▶ _ASSIGNED TASK_:
Data follows below. Repeat exactly the lines between the line holding "GONCA TEKSTİL El" and the line holding "Honed Marble Shelves.", inclusive, and nothing more; drop pictures.

▶ _RECORDS FOR PROCESSING_:
§ §

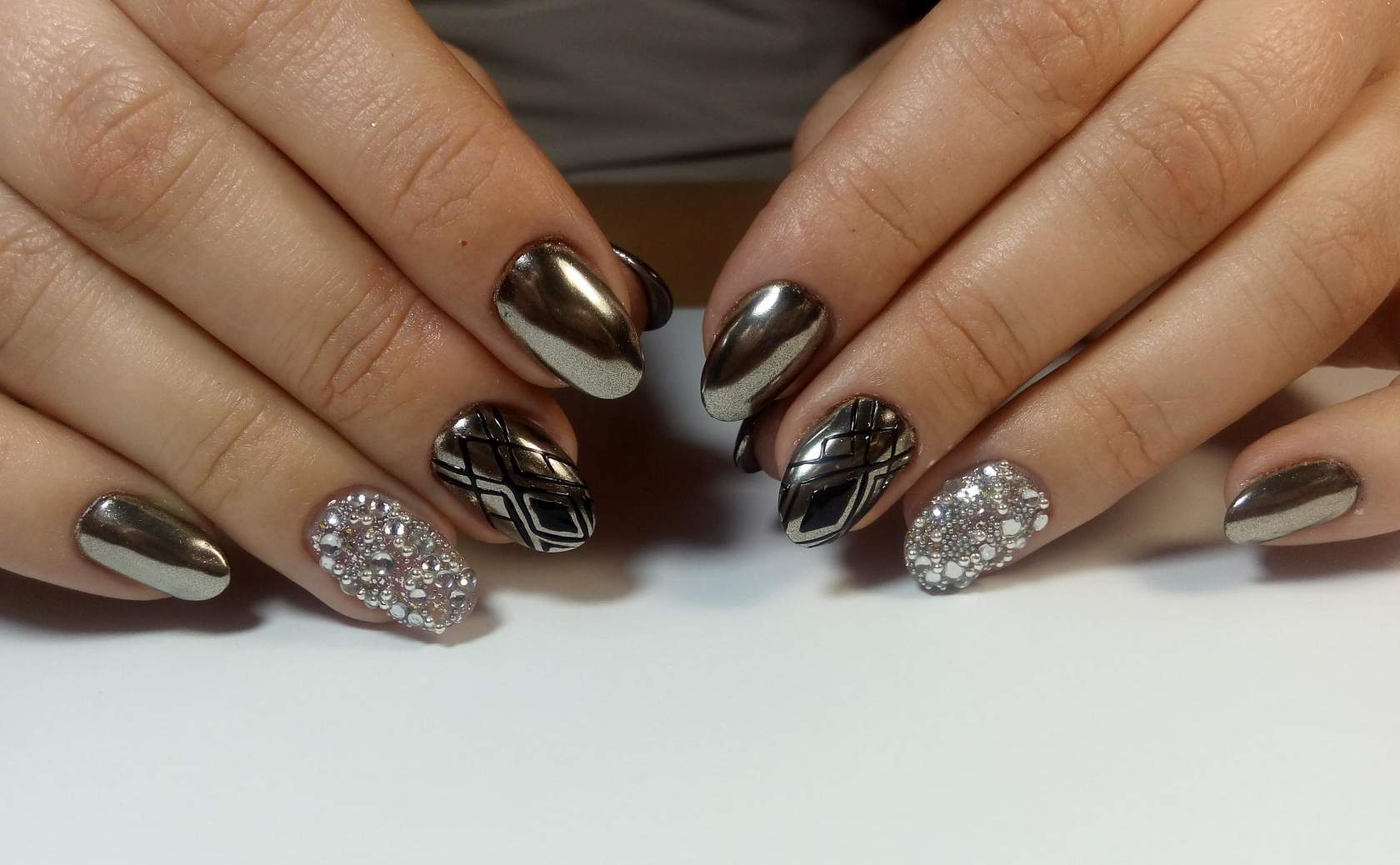 Nul doute que le noir et blanc reste en vogue au printemps 2026. Un classique indéniable. La combinaison de deux couleurs opposées est exprimée dans une manucure spectaculaire, complétée par un éclat métallisé argenté, qui souligne encore plus la beauté et la grâce du nail art en noir et blanc. Les beaux ornements noirs et blancs sur la plaque à ongles conviennent tout à fait aux vêtements de tout style.
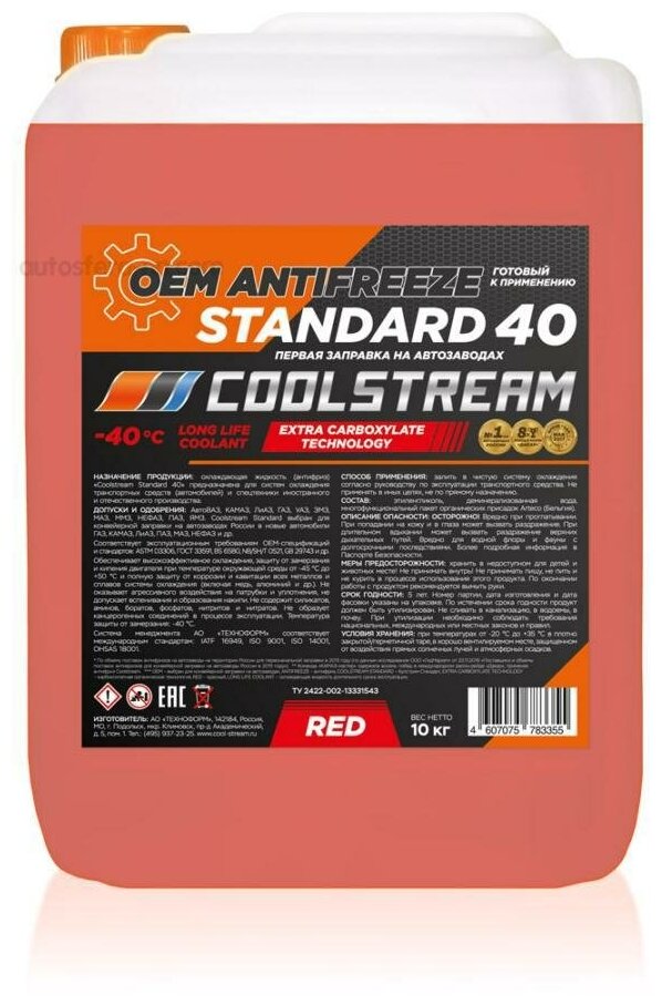 Изготавливается из водного раствора моноэтиленгликоля и многофункционального пакета моющих, антикоррозионных и смазывающих присадок. Предотвращает появление накипи и коррозии в системе охлаждения и обеспечивает нормальный тепловой режим работы двигателя. Можно использовать в качестве теплоносителя в местных системах отопления. Не содержит нитритов и аминов, имеет повышенный срок эксплуатации. Рабочий диапазон температур – от -45 °С до +115 °С.
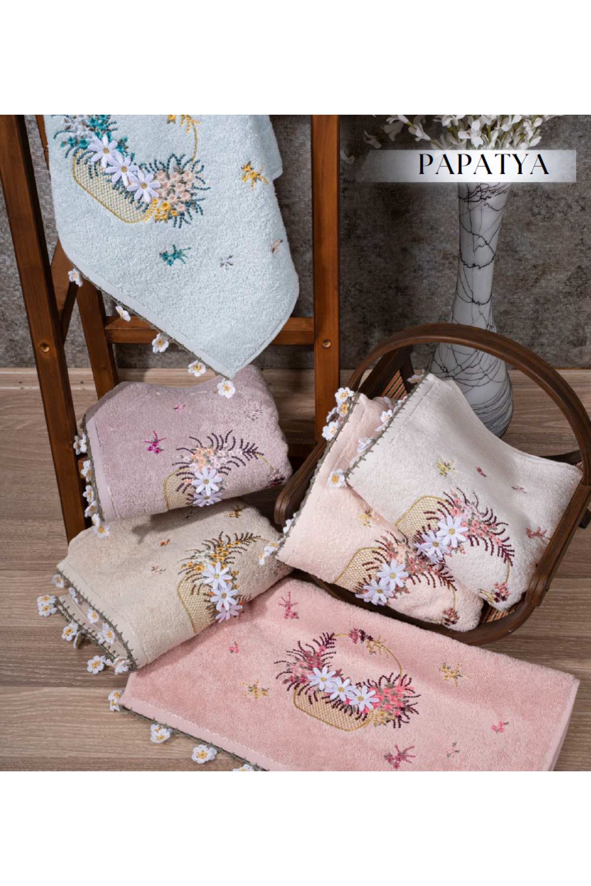 GONCA TEKSTİL El işi Dantelli Papatya 50×90 cm Yüz havlusu
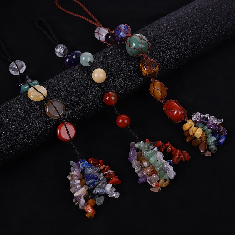 チャクラの丸いボールの車は天然水晶の石の七色の原石の円形を掛けて手編みをして国境を越えて卸売りします。
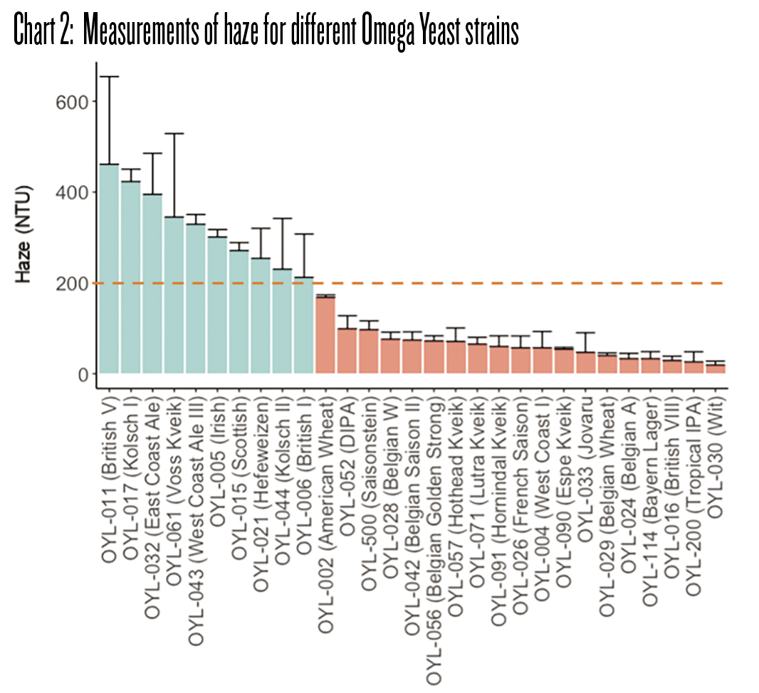 When we looked at the rest of our strain collection, we found that British V was not unique and there were a handful of brewing strains that produced significant haze. In our flask fermentations, yeast that produced >200 NTUs (nephelometric turbidity units) with a late fermentation dry hop at 8 g/L (about 2 lbs./bbl or 5 oz. per 5 gallons) were termed “haze-positive” (blue in Chart 2). There is extremely useful information in this chart. You wouldn’t want to bang your head against the wall trying to make hazy IPA with Chico, for example. You might be able to get mildly hazy beer by utilizing adjuncts like oats or wheat, but you’re not going to get orange juice-level haze with Chico. Conversely, if you’re attempting a modern take on a crystal clear Kölsch-style beer by including a dry hop and Kolsch I (OYL-017) is your strain of choice, it is going to be exceedingly difficult to get it clear because Kolsch I is genetically prone to haze in combination with dry hopping. Don’t fight genetics!
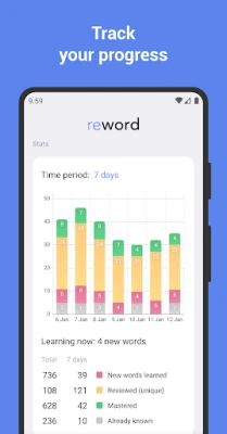 • Spaced repetitions really work: ReWord has a science-based approach to memorizing foreign words so you can learn languages at the highest efficiency.
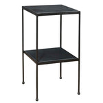 • Constructed From Solid Iron, This Accent Table Is Finished In A Smooth Matte Black With Double Black Honed Marble Shelves.
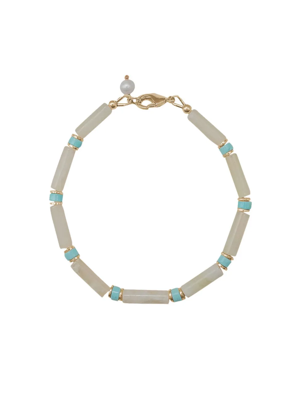 Green jade and turquoise gemstones, freshwater pearl. Gold-filled lobster clasp closure. Handmade in Newport, Rhode Island. Due to the unique nature of genuine stones and freshwater pearls there will be slight variations from images on site.
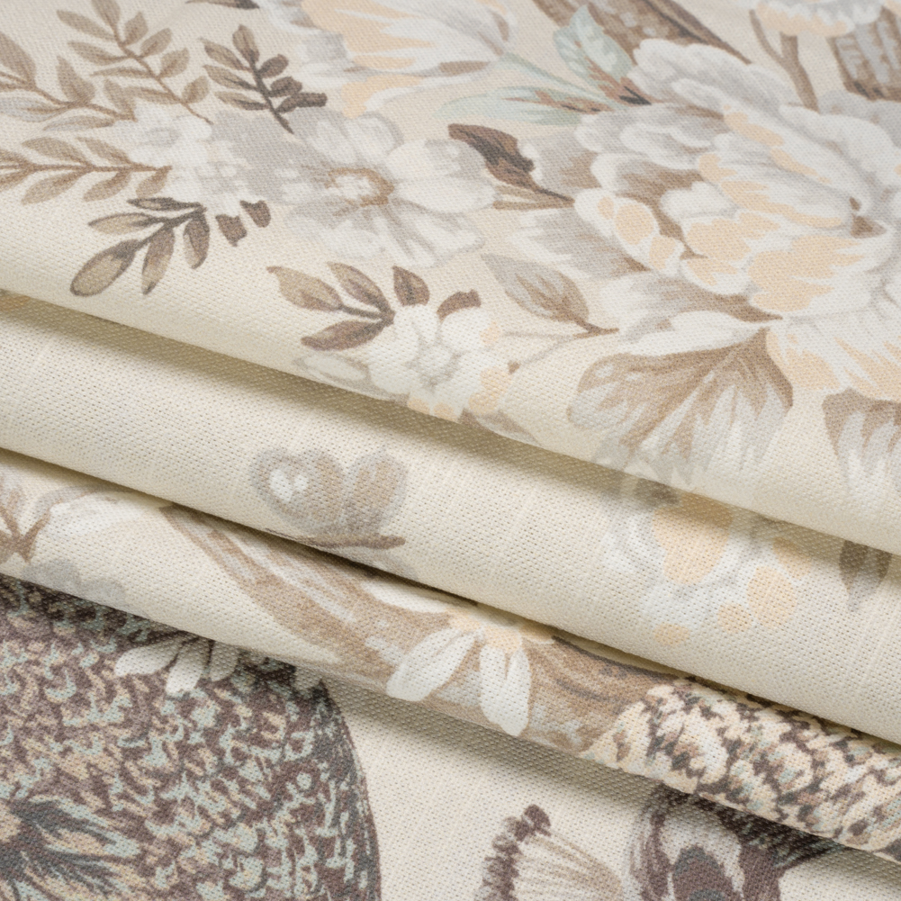 Take pride in your interior design skills with this British Imported Soft Truffle Peacocks in the Trees Printed Cotton Canvas! Under a greige sky, a family of regal peacocks perches on flowering trees. The dry and slubbed hand, semi-structured drape, and slight transparency create a durable work of art for down-to-earth drapery and light upholstery projects.The natural texture of canvas fabrics is rustic in appearance, curating a sense of ease and refinement in your home. This elegant design elevates valances, throw pillows, and headboards—plus, in admiration of its stability, wardrobes can be refreshed with structured jackets and tote bags.
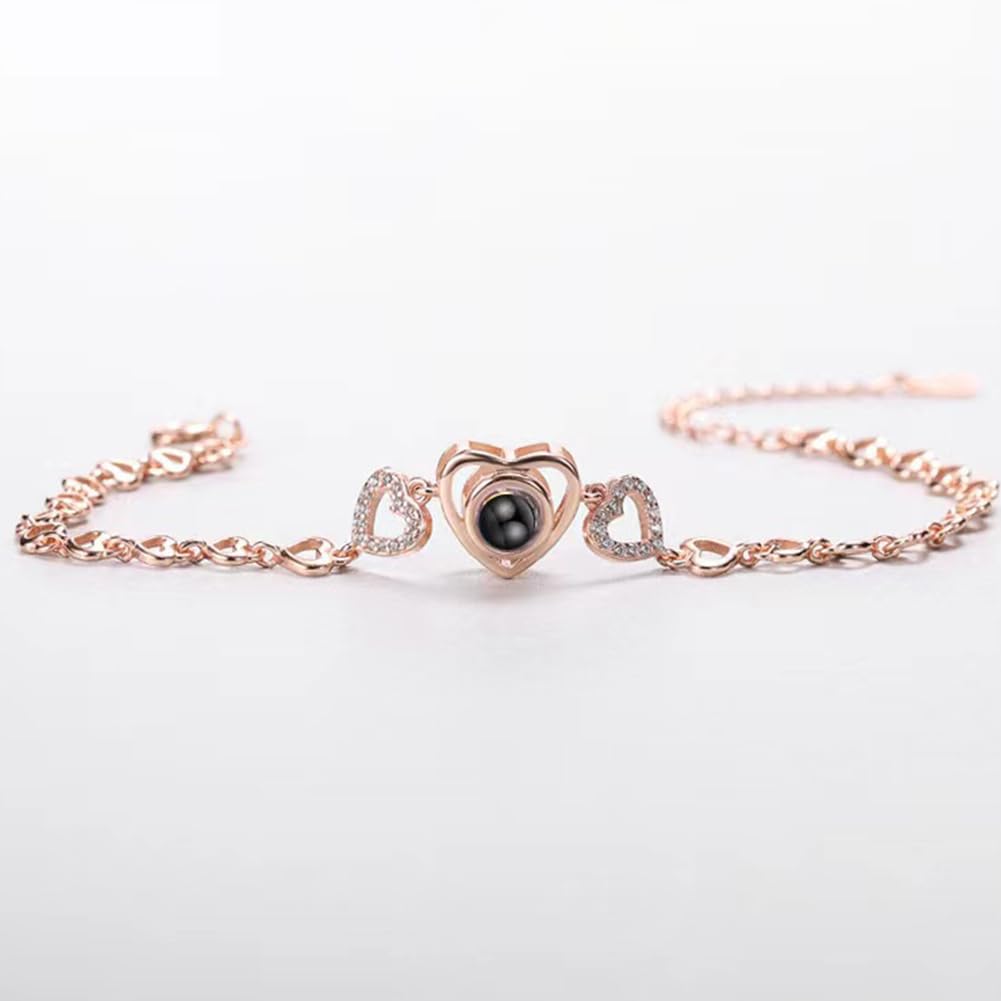 【秘密のハート】S925シルバー&ローズゴールドブレスレット|I Love You投影×ジルコン輝き
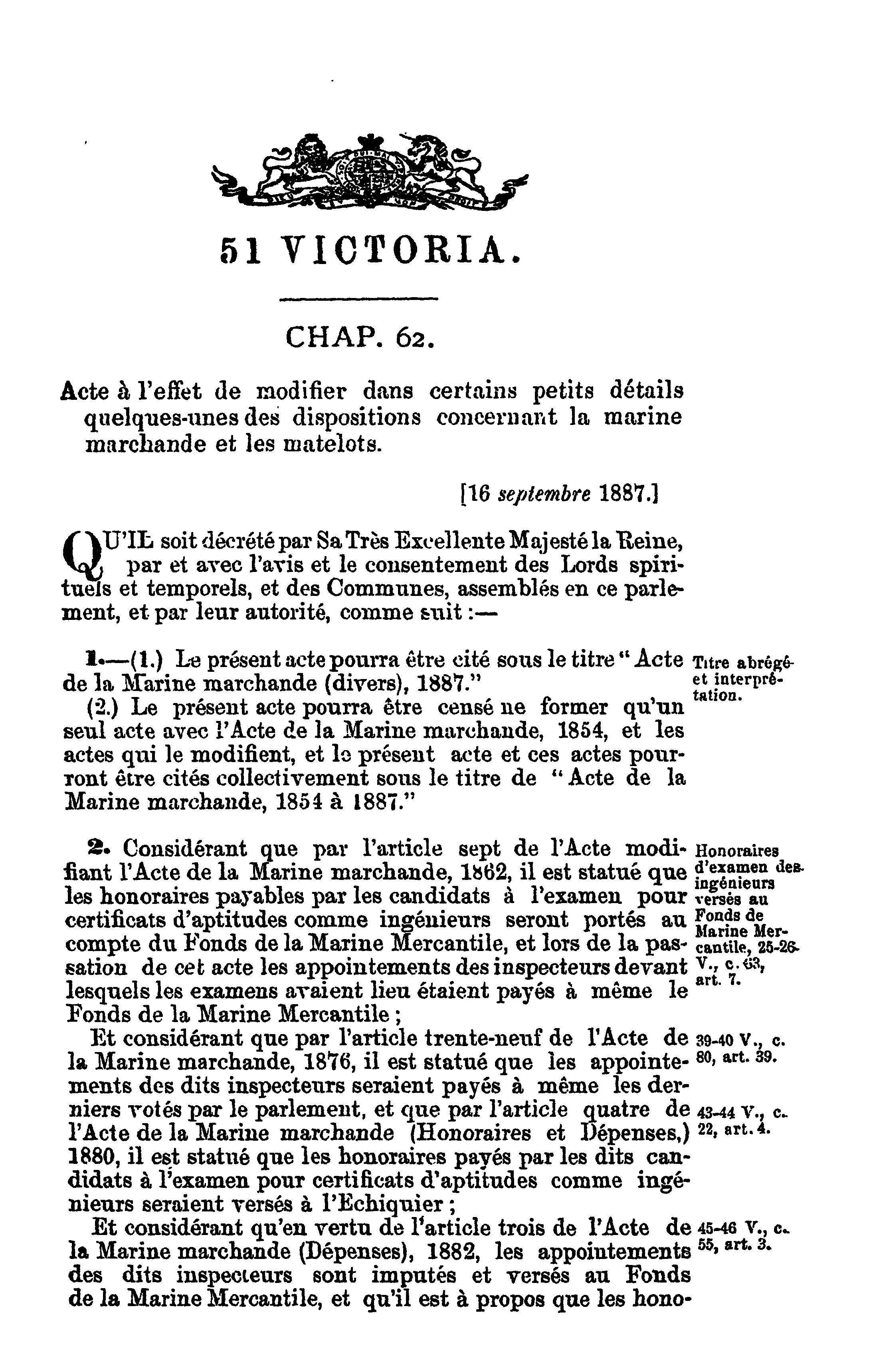 Actes du parlement de la puissance du Canada passés durant la session tenue en la cinquante et unième année du règne de Sa Majesté la Reine Victoria : étant la deuxième session du sixième parlement, commencée et tenue à Ottawa, le vingt-troisième jour de février, et fermée par prorogation le vingt-deuxième jour de mai 1888 : actes publics généraux : 1888 (ptie 1) (Actes 1-47)
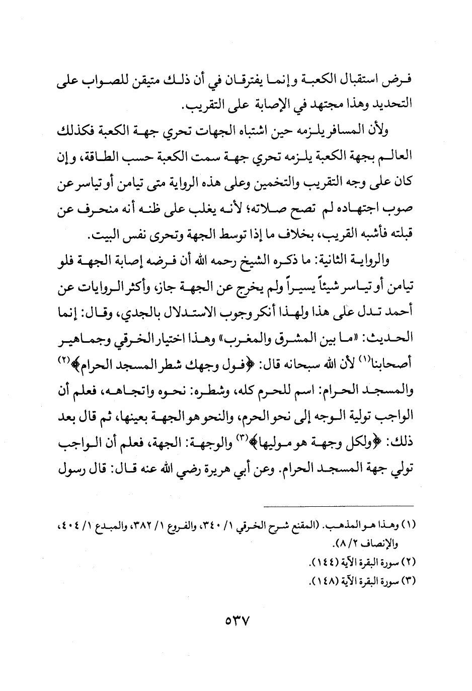 والرواية الثانية: ما ذكره الشيخ رحمه الله أن فرضه اصابة الجهة فلو تيامن أو تياسر شيئا يسيرا ولم يخرج عن الجهة جاز وأكثر الروايات عن أحمد تدل على هذا ولهذا أنكر وجوب الاستدلال بالجدي وقال إنما الحديث ما بين المشرق والمغرب وهذا اختيار الخرقي وجماهير أصحابنا لأن الله سبحانه قال: {فَوَلِّ وَجْهَكَ شَطْرَ الْمَسْجِدِ الْحَرَامِ} والمسجد الحرام اسم للحرم كله وشطره نحوه واتجاهه فعلم أن الواجب تولية الوجه إلى نحو الحرم والنحو هو الجهة بعينها ثم قال بعد ذلك {وَلِكُلٍّ وِجْهَةٌ هُوَ مُوَلِّيهَا} والوجهة الجهة فعلم أن الواجب تولي جهة المسجد الحرام وعن أبي هريرة رضي الله عنه قال: قال رسول
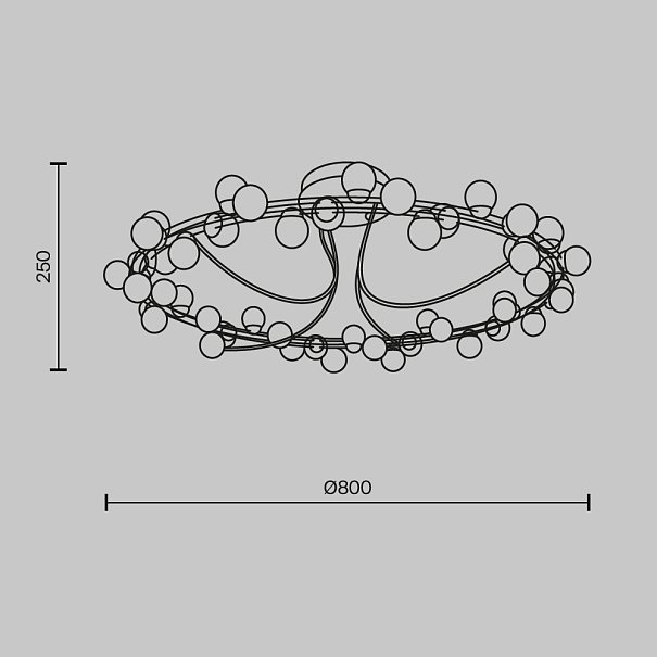 Арматура из металла в золотом цвете. Плафоны-сферы — белый пластик. Дизайн с имитацией молекулярной структуры. LED-источники света.
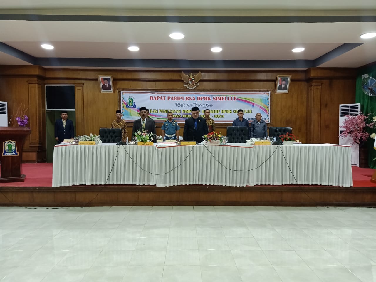 Hal tersebut sebagaimana yang dibacakan Sekretaris Dewan DPRK Simeulue, Drs. Astamudi atas Surat Keputusan No.23 Tahun 2019 tentang penetapan calon pimpinan DPRK Simeulue serta mengusulkan peresmian pengangkatan nama pimpinan Dewan Perwakilan Rakyat Kabupaten Simeulue masa jabatan 2019-2024.

§ §

▶ _SOLUTION_:
 GONCA TEKSTİL El işi Dantelli Papatya 50×90 cm Yüz havlusu
 チャクラの丸いボールの車は天然水晶の石の七色の原石の円形を掛けて手編みをして国境を越えて卸売りします。
 When we looked at the rest of our strain collection, we found that British V was not unique and there were a handful of brewing strains that produced significant haze. In our flask fermentations, yeast that produced >200 NTUs (nephelometric turbidity units) with a late fermentation dry hop at 8 g/L (about 2 lbs./bbl or 5 oz. per 5 gallons) were termed “haze-positive” (blue in Chart 2). There is extremely useful information in this chart. You wouldn’t want to bang your head against the wall trying to make hazy IPA with Chico, for example. You might be able to get mildly hazy beer by utilizing adjuncts like oats or wheat, but you’re not going to get orange juice-level haze with Chico. Conversely, if you’re attempting a modern take on a crystal clear Kölsch-style beer by including a dry hop and Kolsch I (OYL-017) is your strain of choice, it is going to be exceedingly difficult to get it clear because Kolsch I is genetically prone to haze in combination with dry hopping. Don’t fight genetics!
 • Spaced repetitions really work: ReWord has a science-based approach to memorizing foreign words so you can learn languages at the highest efficiency.
 • Constructed From Solid Iron, This Accent Table Is Finished In A Smooth Matte Black With Double Black Honed Marble Shelves.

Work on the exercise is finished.